I was in Fayetteville, North Carolina, I woke up one morning early enough to watch Good Morning America, I think it was. They had a whole week-long emphasis on “Kids on Drugs”, and evidently the day before had been “Tough Love Contracts” ‘cause they referred to that several times. And today was “At Home Drug Test Kit.” They had a mom and a dad and a 13-year-old boy who had been caught doing drugs. And he was sitting back there with his arms folded, and his mom had the microphone, and she was just ranting and raving, “I can’t believe he did this to us. He’s grown up in a wonderful Christian home. He knows better than this. He has betrayed our trust. I’ll tell you what, from now on, he’s doing that Tough Love Contract, one word and he’s out. And I’ll tell you what, he’s gonna do that At Home Drug Test. He’s never gonna know when it happens.” And she just went on and on and on.

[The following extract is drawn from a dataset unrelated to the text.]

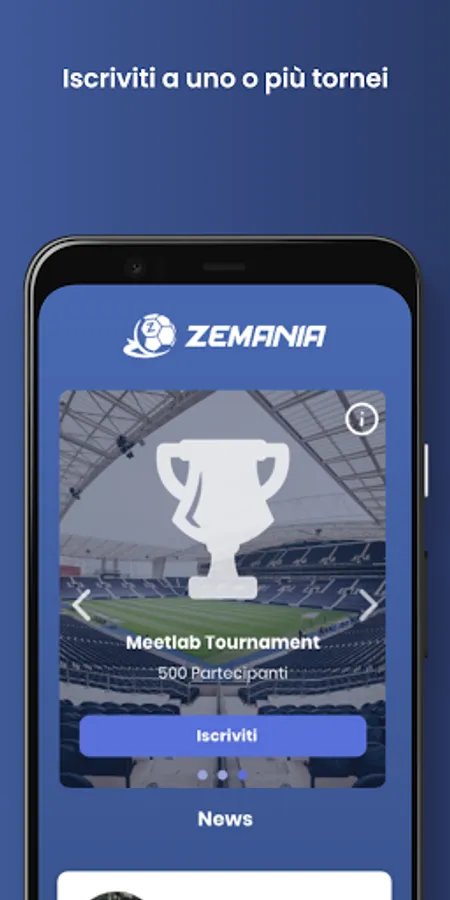 Welcome to the app of the A.S.D. ZEMANIA! We have created our application to communicate directly with our members and for all those who follow our football tournaments.

While she was talking, I watched the boy in background. You could tell by looking at his face, he knew he’d made a big mistake, I’m pretty sure he knew that. You could tell looking at his face he knew he had some serious consequences to pay – I’m pretty sure he knew that too. But looking at his face, I don’t think he knew his mom still loved him. His face didn’t look like that at all. ‘Cause see, she didn’t come out and say, “You know what? We almost lost this boy, and he’s so valuable to us. He means so much to us, we – we’ll do anything it takes to get him back. If it takes tough love, that’s what we’ll do. If it takes at home drug test kit, that’s what we’ll do. If it took lock down and rehabilitation, we’d do that too. ‘Cause we want him back. ‘Cause we love him.” She didn’t say it that way. At the end, almost as an afterthought, the reporter turned the camera on the boy and he said, “By the way, how do you feel about all this?” The 13-year-old boy looked straight into the camera and he said one sentence: “I can’t wait to leave home.” The camera went black. It’s not worth it. It’s not worth it.

Program Note:

John: Cynthia Tobias on Focus on the Family. And you can get her excellent book, You Can’t Make Me, for a monthly pledge or a one-time gift of any amount to the ministry of Focus on the Family when you call 800-A-FAMILY or stop by focusonthefamily.com/radio.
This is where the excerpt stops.